Whenever overwhelmed by news of a new climate-related disaster, John Hanson Mitchell buys a new rose bush. He explains it as a philosophical statement of resistance.

The Garden at the End of Time combines descriptions of climate-related problems with an account of his own gardening response. Each chapter is named for his latest rose purchase. Near the end of the book, in “Reine Marie Rose,” he never names the rose in the chapter; he just assumes you know that is what he bought.

Mitchell builds his theme around the last chapter in Voltaire’s Candide. There, after surviving multiple disasters, such as the huge 1755 earthquake in Lisbon (real), Candide (fictional) retreats to cultivate his garden. Mitchell reports his own conversations with a real ecologist he calls “Pangloss Rosen,” named for the Pangloss who accompanied Candide and tried to convince him that this is “the best of all possible worlds.”

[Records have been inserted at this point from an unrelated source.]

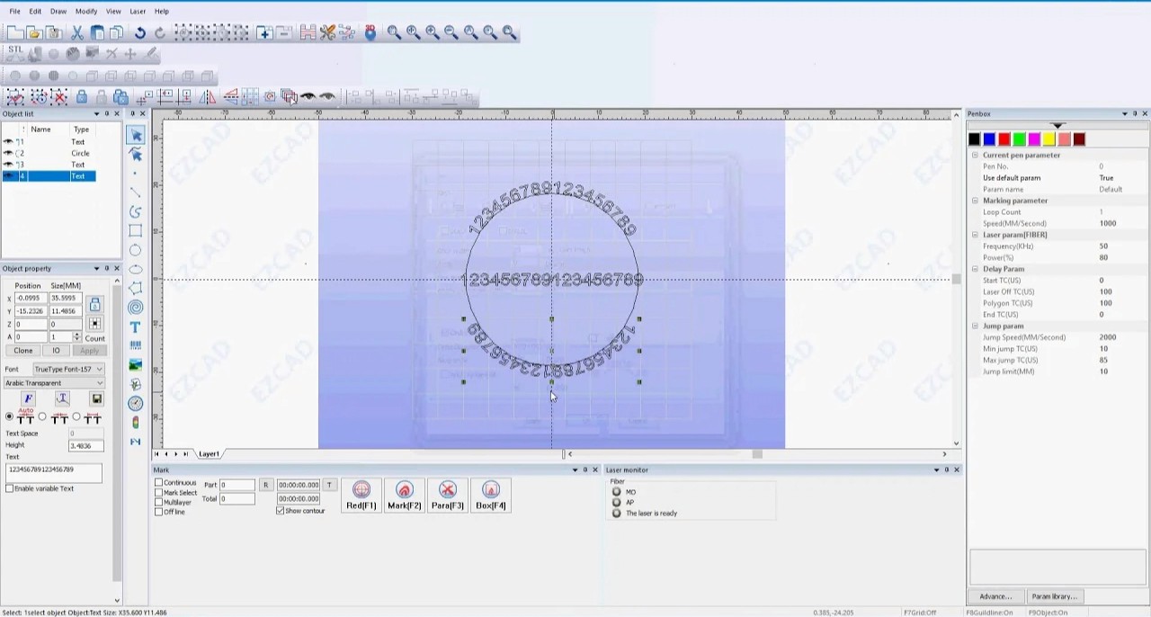 Configure & execute: Set laser parameters and run the job
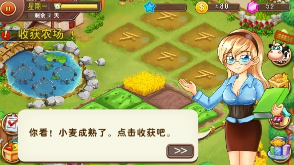 9、小麦成熟后,我们点击就可以收获。
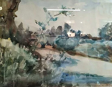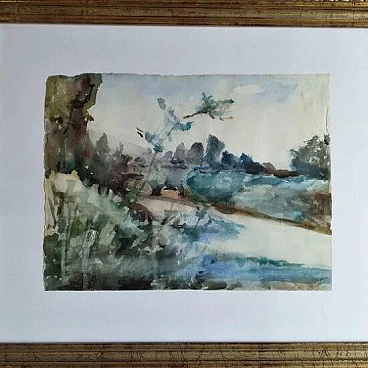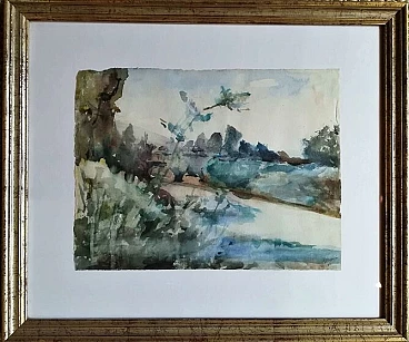 Giuseppe Regazzi, acquerello con Paesaggio fluviale, anni '30
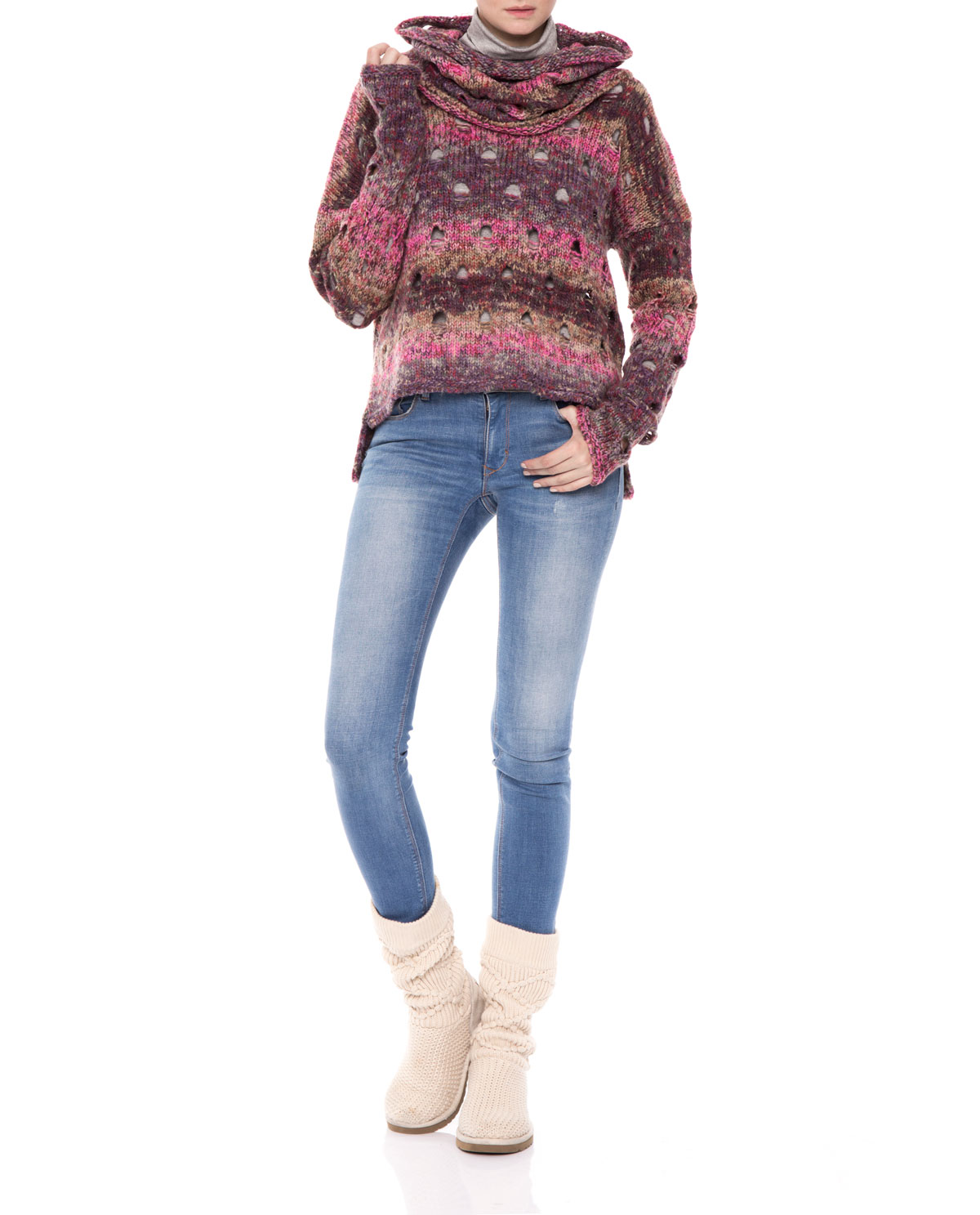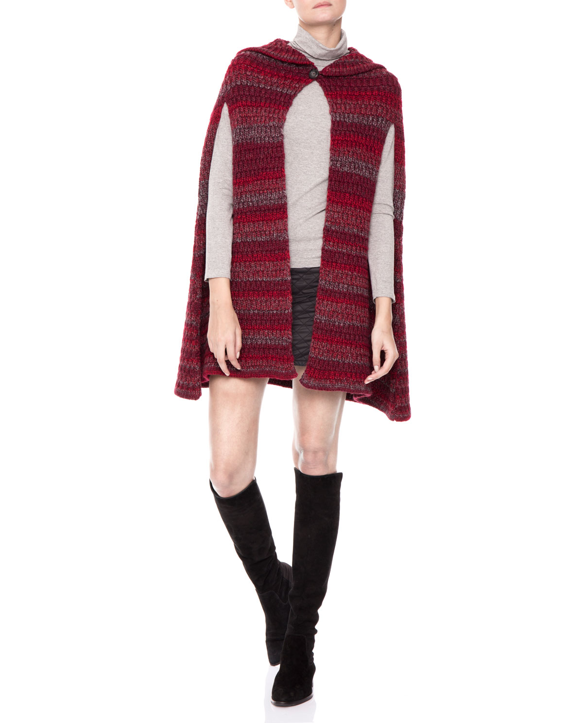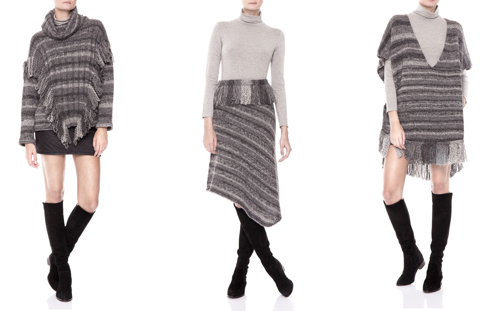 Jersey de punto oversize con flecos, falda de punto midi asimétrica y flecos y poncho de punto abierto también con flecos.
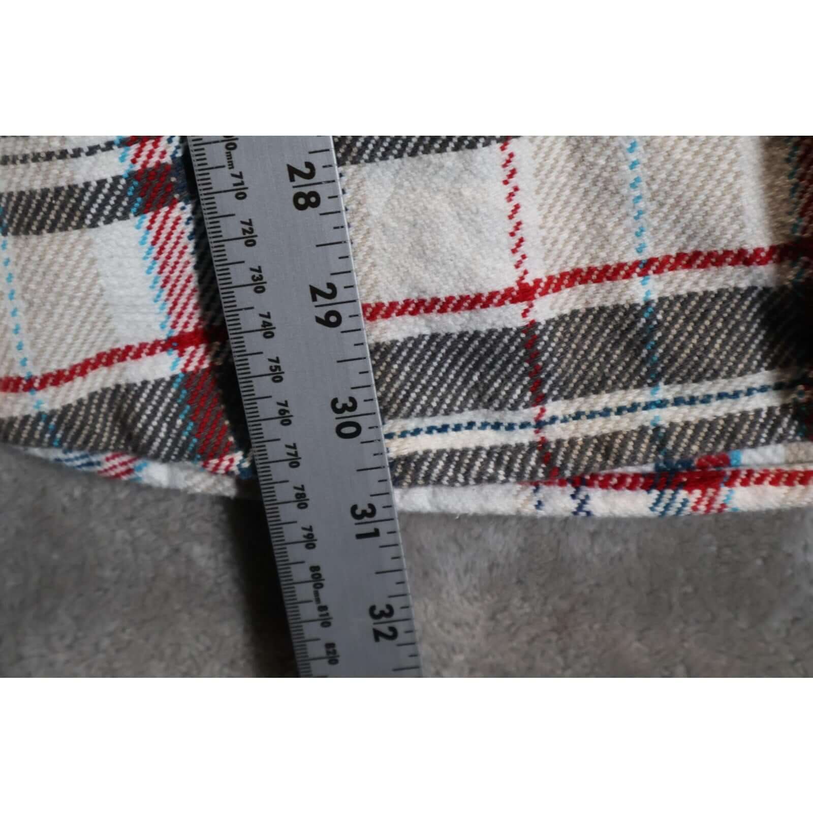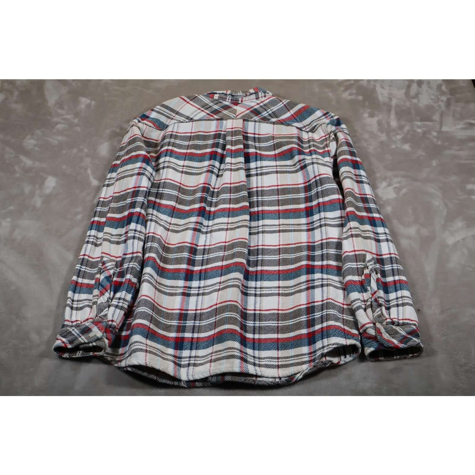 Classic plaid flannel pattern in white, red, blue, and tan. Features two chest flap pockets with button closure.
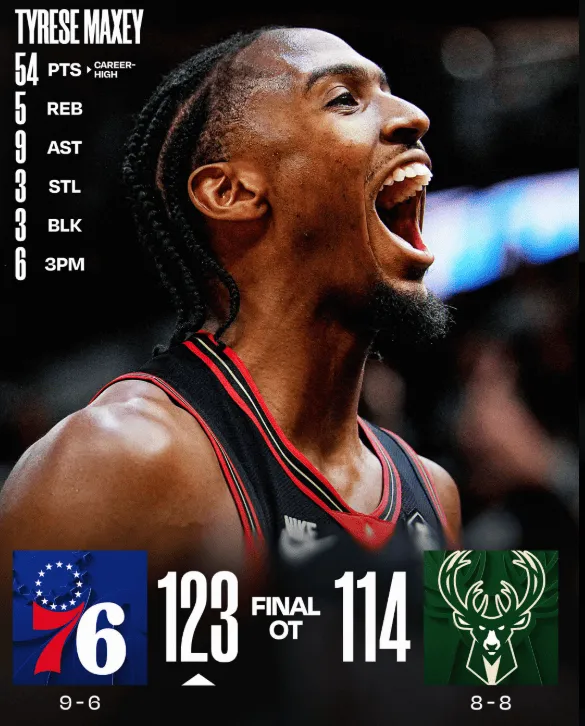 NBA官推發文稱:泰雷斯-馬克西砍下生涯新高的54分,成為自1973-74賽季以來第7位單場得到50分、3搶斷和3蓋帽的球員,帶領費城76人隊通過加時賽獲勝!
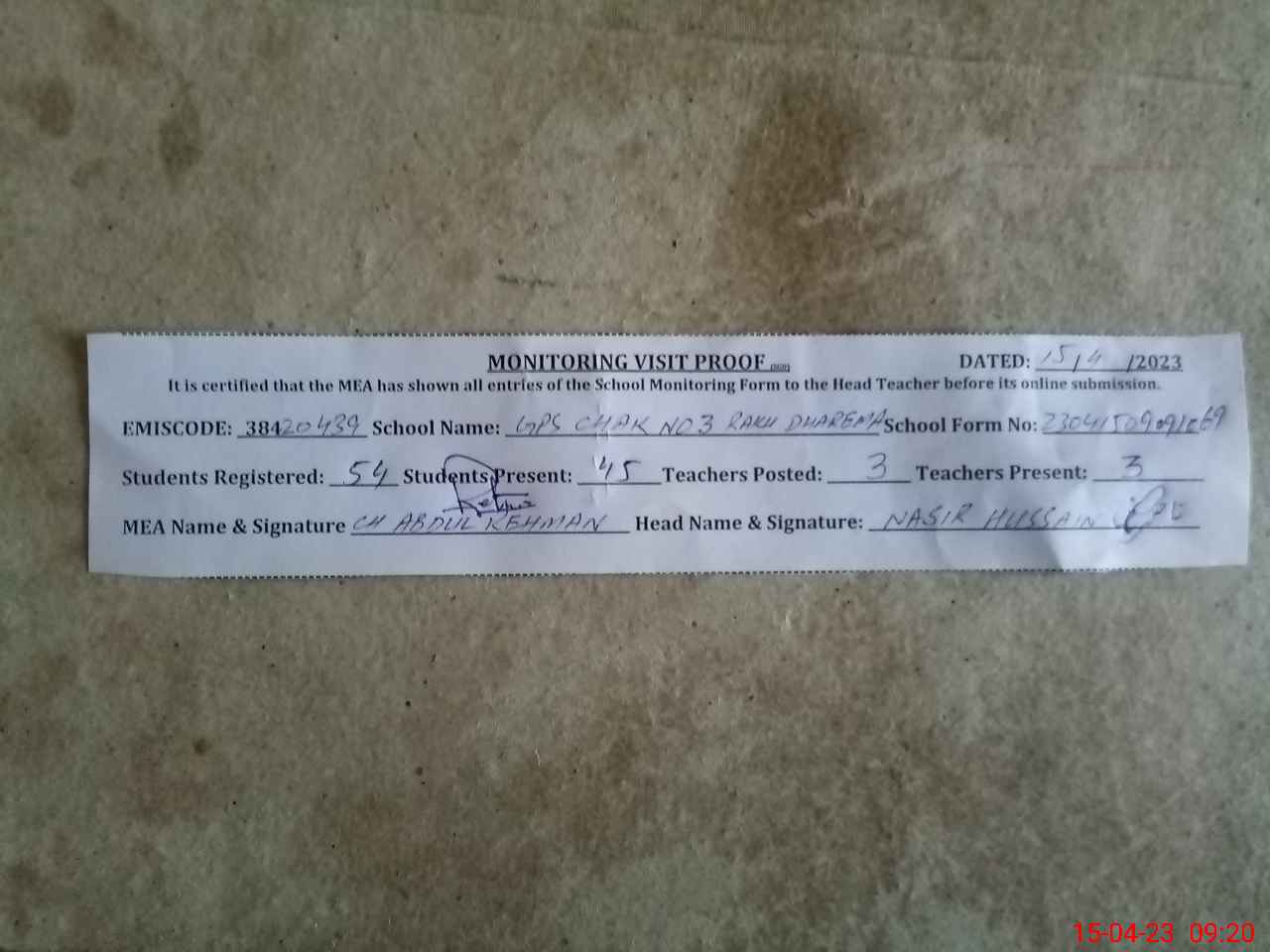 | EMIS Code: 38420439 | Name of School: GPS CHAK NO.3 RAKH DHAREMA | |||
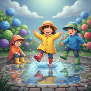 *水たまり はしゃぐ元気な子供達 そんな姿に勇気をもらう
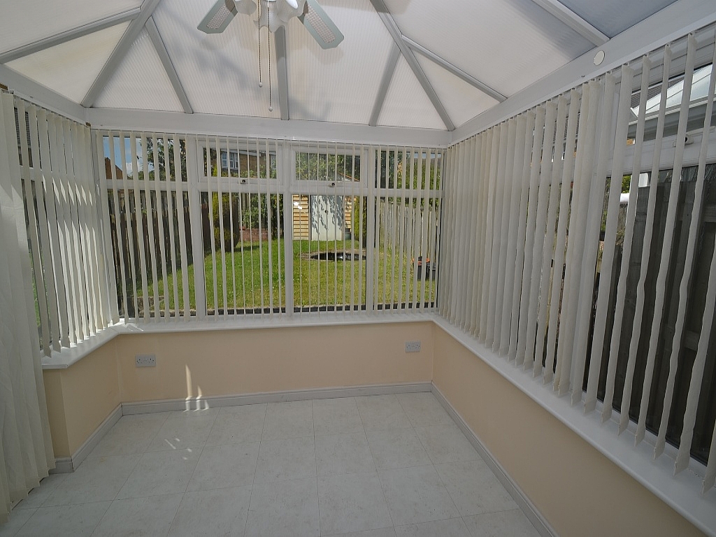 Upvc dg Conservatory: 9'9 x 9'0. Apex roof, side French doors, light/ceiling fan, fitted blinds.
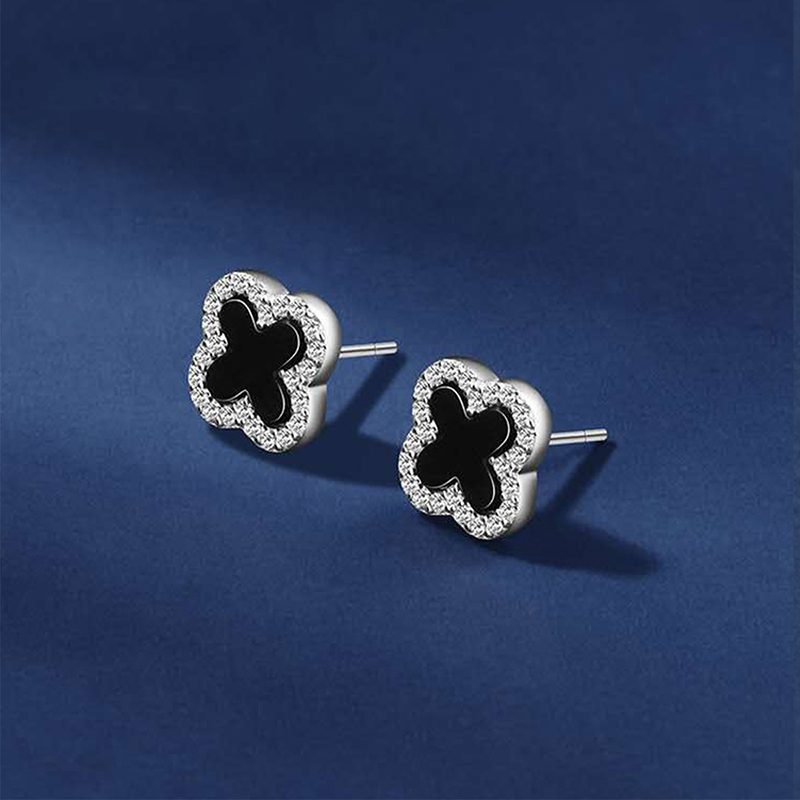 (Self-operated) British DAISY BEAUTY black clover earrings for women, fashionable simple style design earrings

The book includes a history of gardens, a history of sanctuaries, and many accounts of contemporary climate problems. One positive example is rewilding, a project to return farmland, the Knepp Estate in England, to its status before it was farmed. A history of English agriculture, beginning in the Stone Age, follows.

For all its weighty messages, The Garden at the End of Time presents its material lightly. To gardeners it brings more reasons to keep on cultivating.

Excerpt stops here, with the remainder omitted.